Peraltro, la Corte costituzionale avrebbe potuto comunque intervenire a posteriori sulla normativa di risulta, nel caso si fossero presentate delle criticità, delle quali però non si vedevano concretamente le possibilità: in tal modo si sarebbe potuto comunque dare la possibilità al popolo di votare su un argomento che, al di là dei formalismi, è noto e dibattuto nell’opinione pubblica da tempo, grazie alle battaglie giudiziarie di DJ Fabo, Welby e tanti altri coraggiosi amanti della libertà come loro.
Riviviamo perciò oggi la delusione cocente di tante altre sentenze che hanno mortificato i diritti civili e speravamo che questa Corte costituzionale avrebbe aperto una nuova stagione di riforme, con al centro i diritti e le libertà individuali, anche grazie al fatto che oltre un milione e mezzo di italiani avevano firmato per il referendum sul fine vita.

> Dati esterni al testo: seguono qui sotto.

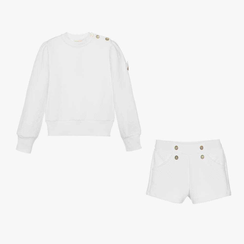 For a chic yet casual style, this off-white shorts set for teen girls is from British brand, Angel's Face. In a diamond-quilted effect, the sweatshirt has a glam grosgrain bow on one sleeve, with the brand's beautiful heart charm and bow appliqué. It has puff sleeves, with eye-catching gold logo button fastenings on the shoulder. The shorts are adorned with gold buttons, slant pockets and an elasticated waist for effortless coordination.
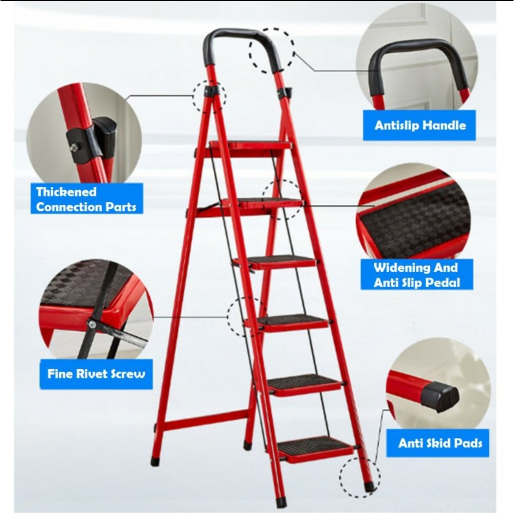 HIGH QUALITY ( 3 - 6 )Steps Tier Folding Ladder Heavy Duty Industrial Lightweight Ladder With Hand Grip
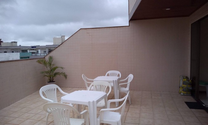 The penthouse is located approximately 300 m. from the beach and has appropriate environments to accommodate 10 people, 2 suites with double beds and 1 suite with 4 single beds, and 2 spare mattresses. All mattresses consist of pillows, without offering bed and bath linen. The 4 bathrooms and 1 half bathroom are spacious with cabinets and workbench in perfect condition. The large hall is structured for 2 environments, being dining room and TV room. The kitchen is organized with household items (plates, pans, cutlery, tablecloths, etc.) and other household appliances. At the top of the penthouse there is a barbecue with its implements and a support bench with tables and chairs. In the garage there are 3 parking spaces. The condominium has for guests a sauna and games room. The neighborhood is quiet in proximity to restaurants and shopping and is set in beautifully landscaped grounds suitable for rest and leisure.
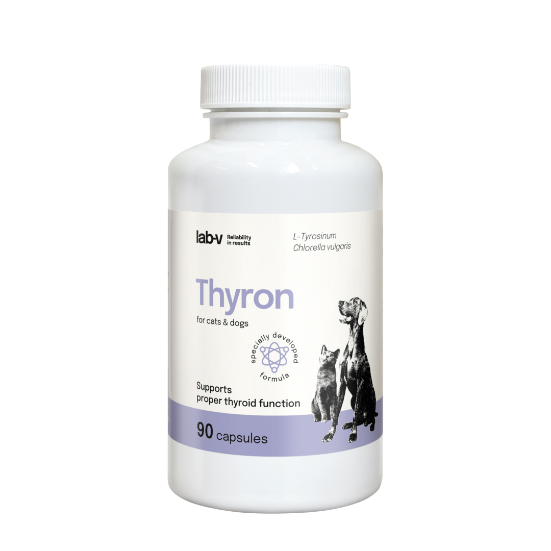 Lab-v Thyron – Wsparcie Prawidłowej Pracy Tarczycy dla Psów i Kotów 90 Kapsułek to specjalistyczny preparat opracowany we współpracy z lekarzami weterynarii, który wspiera prawidłową funkcję tarczycy u psów i kotów. Tarczyca odgrywa kluczową rolę w regulacji metabolizmu, poziomu energii i równowagi hormonalnej, dlatego odpowiednia jej funkcja jest niezbędna do zdrowia zwierzęcia. Thyron wspomaga produkcję hormonów tarczycy, poprawia metabolizm oraz ogólną kondycję organizmu.
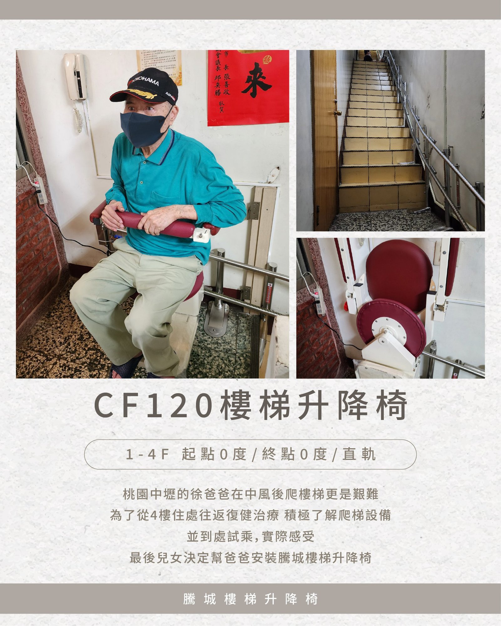 To travel from his fourth-floor home to the hospital for rehabilitation, he and his family actively searched for different solutions, personally trying out each option to experience the safety and comfort of various equipment.

Occorreva e occorre più rispetto e considerazione per la volontà popolare e per gli istituti costituzionali di democrazia diretta.
I cittadini non devono pensare che la loro firma e che il loro gesto di partecipazione politica, è inutile e si scontra contro incomprensibili formalismi.
La sentenza della Corte indebolisce e frustra la politica e la partecipazione.
Ringraziamo i nostri avvocati Alfonso Celotto e Guido Camera che hanno rappresentato +Europa nel collegio difensivo del quesito sul fine vita presso la Corte Costituzionale.